A detailed explanation of the scoring mechanism used by TwitBlock.
Some people have complained that they get a high spam score and point out that they are not spammers. There are a number of important things to note about this.
- This software is in alpha – these indicators and the scoring mechanisms attached to them will change.
- As the system gathers data it will rely less on heuristics and more on cross-referencing (e.g. how many people have blocked an account)
- Some of these tests are only indicators of automation, not specifically of malicious behaviour.
- The spam rating has no limit – Scoring 40 may be high for a “legimate” account, but in a list with real spammers scoring 300+ you’ll be way down the bottom.

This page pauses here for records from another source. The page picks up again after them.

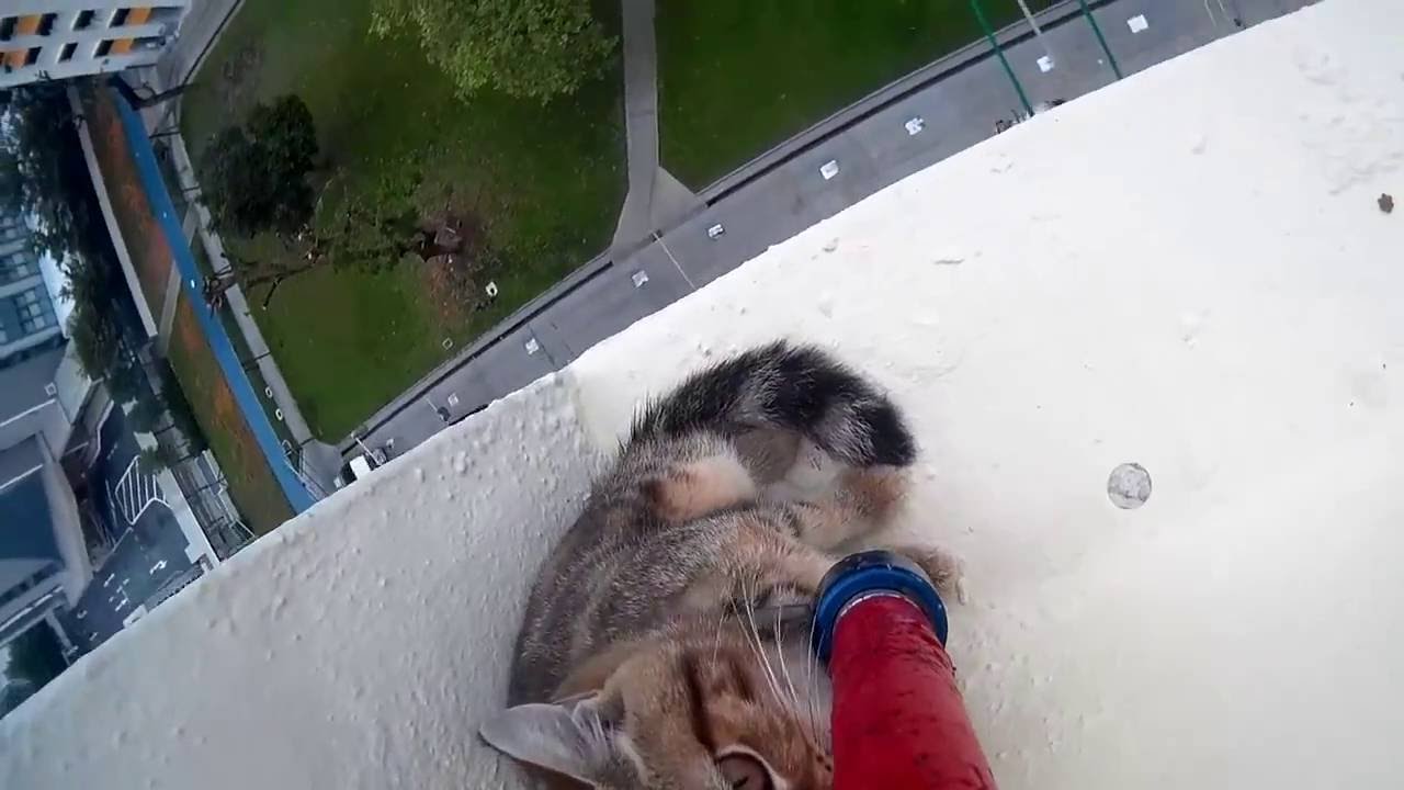 В Сингапуре тоже спасают котиков. Вытащили с карниза.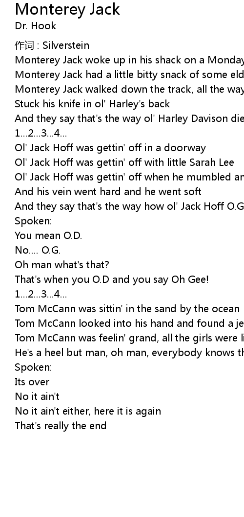 | Monterey Jack walked down the track, all the way to ol' Harley's shack | |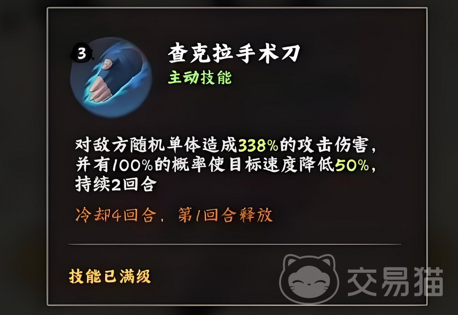 药师兜自身因为体质比较低,所以只有三个技能。第1个是主动技能查克拉手术刀,对敌方随机单位造成338%攻击力的伤害,并有100%的几率使目标速度降低50%,速度降低效果持续两回合。该主动技能在第一回合释放,有四回合的冷却时间,而且小编介绍的是达到满级之后的效果。

- If you display characteristics of a spammer then perhaps this amounts to the same thing as being a spammer. Most normal users score zero.
Roughly in order of accuracy, here are the 8 tests currently performed in the standard TwitBlock scan.
1. Ignore factor.
This could also be called “inverse popularity”. If you follow 200 people and only 50 follow you back your ignore factor is 75%. Whether or not these 50 are the same people you follow is not analysed. The cut-off for scoring is 50%. Every 1% above 50 currently yields one point.
This simple and easily calculable factor is quite accurate because it reflects real human behaviour that can be observed. An account that is clearly spam, such as an “adult” account will have many times less followers than friends.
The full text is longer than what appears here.